The pandemic is a health issue and should be treated as such but the mandatory cremation that the Government has stubbornly stuck to, despite a growing mountain of evidence, is regressive and unscientific. Worse, it is doing unnecessary and easily avoidable damage to the social fabric of Sri Lanka that, ultimately, undermines the democratic freedoms Sri Lankans have valued for ages.

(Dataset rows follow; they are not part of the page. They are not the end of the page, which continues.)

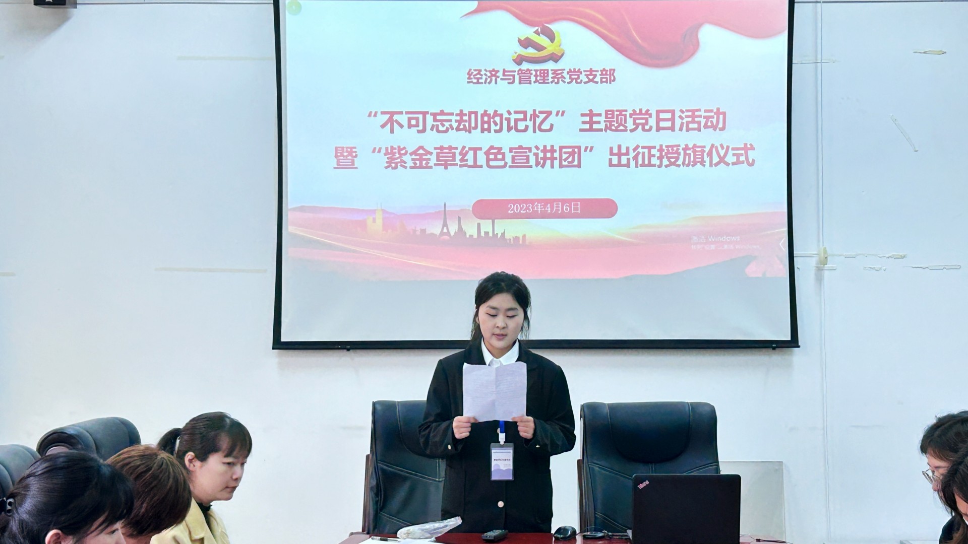 活动伊始,党支部书记雷杨先介绍了拉贝的生平,并且希望大家能够翻开《拉贝日记》,共同铭记历史,铭记拉贝等国际友人的善举。其次,雷杨从建立紫金草红色宣讲团的意义以及本次活动的组织情况进行了详细介绍,对宣讲团成员也提出了三点要求:一、认真学习红色知识,麻豆传媒 史料史实,确保真实性、可靠性;二、立足新实践阶段,创新宣讲理念,最大化的发挥团队成员特长,让宣讲更全面、更充分、更真实;三、针对不同的宣讲对象,应及时调整宣讲方案。
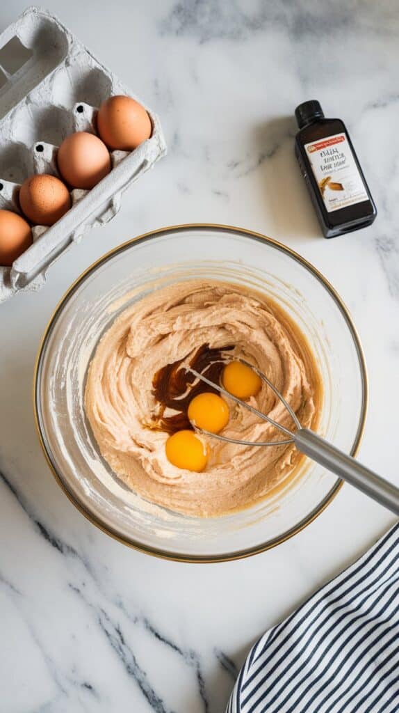 Instructions: Beat in the eggs, one at a time, then add the vanilla extract and milk. Mix until smooth.
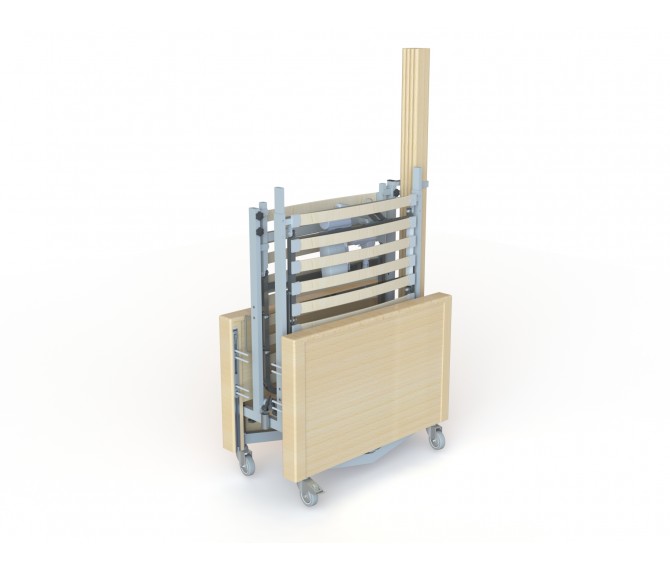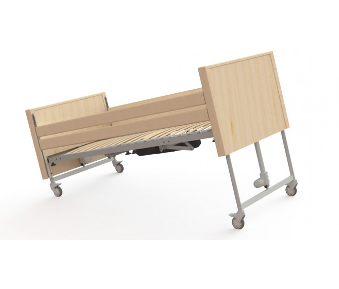 Estrutura em tubo de aço macio. Estrado articulado em réguas de faia, tripartido, acionado por motor elétrico. Altura regulável por dois motores elétricos colocado nas cabeceiras. Guardas laterais em MDF. Suporte nas duas extremidades da cabeceira para receber pendural ou haste de soro (pendural ou haste de soro opcionais).  Leito quadripartido em réguas de faia, articulado em 3 partes por motor elétrico acionado por comando de mão permitindo a elevação em altura de 350 a 750mm e a posição de Trendelenburg e Anti-Trendelenburg através dos motores instalados nas cabeceiras.

Then on Friday, a monument at the Jaffna University was forcefully removed, sending more shockwaves across Sri Lanka’s multiple communities. University Grant Commission (UGC) Chairman Prof. Sampath Amaratunga has attempted to explain it away by arguing that it was constructed without the necessary approvals and, as there are both Sinhala and Tamil students at the Jaffna University and elsewhere within the higher education system, removing a memorial that symbolised war is a positive move. Unfortunately, what the UGC Chairman does not pay heed to is that it was built to memorialise civilians who died during the last phase of the conflict.
The memorial may have been controversial but few fair-minded Sri Lankans would argue that the Tamil people need to be given the space to memorialise their dead so Sri Lanka can finally put its terrible past to rest and move towards genuine reconciliation.
Memorialisation cannot just be the privilege of the majority, not if true healing is to take place. The State needs to be sensitive to the needs of all its citizens and understand that the tenants of democracy are at the core of reconciliation.
Ideally the championing of democracy should happen from the highest levels of Government and it should be a democracy that does not fall prey to biased laws and regulations that are ham-handedly implemented but rises to meet the aspirations of all Sri Lankans. For many Sri Lankan citizens, who have held the tenets of democracy dear for nearly a century, the desperate need is for a leadership rooted in compassion, understanding, equity and equality.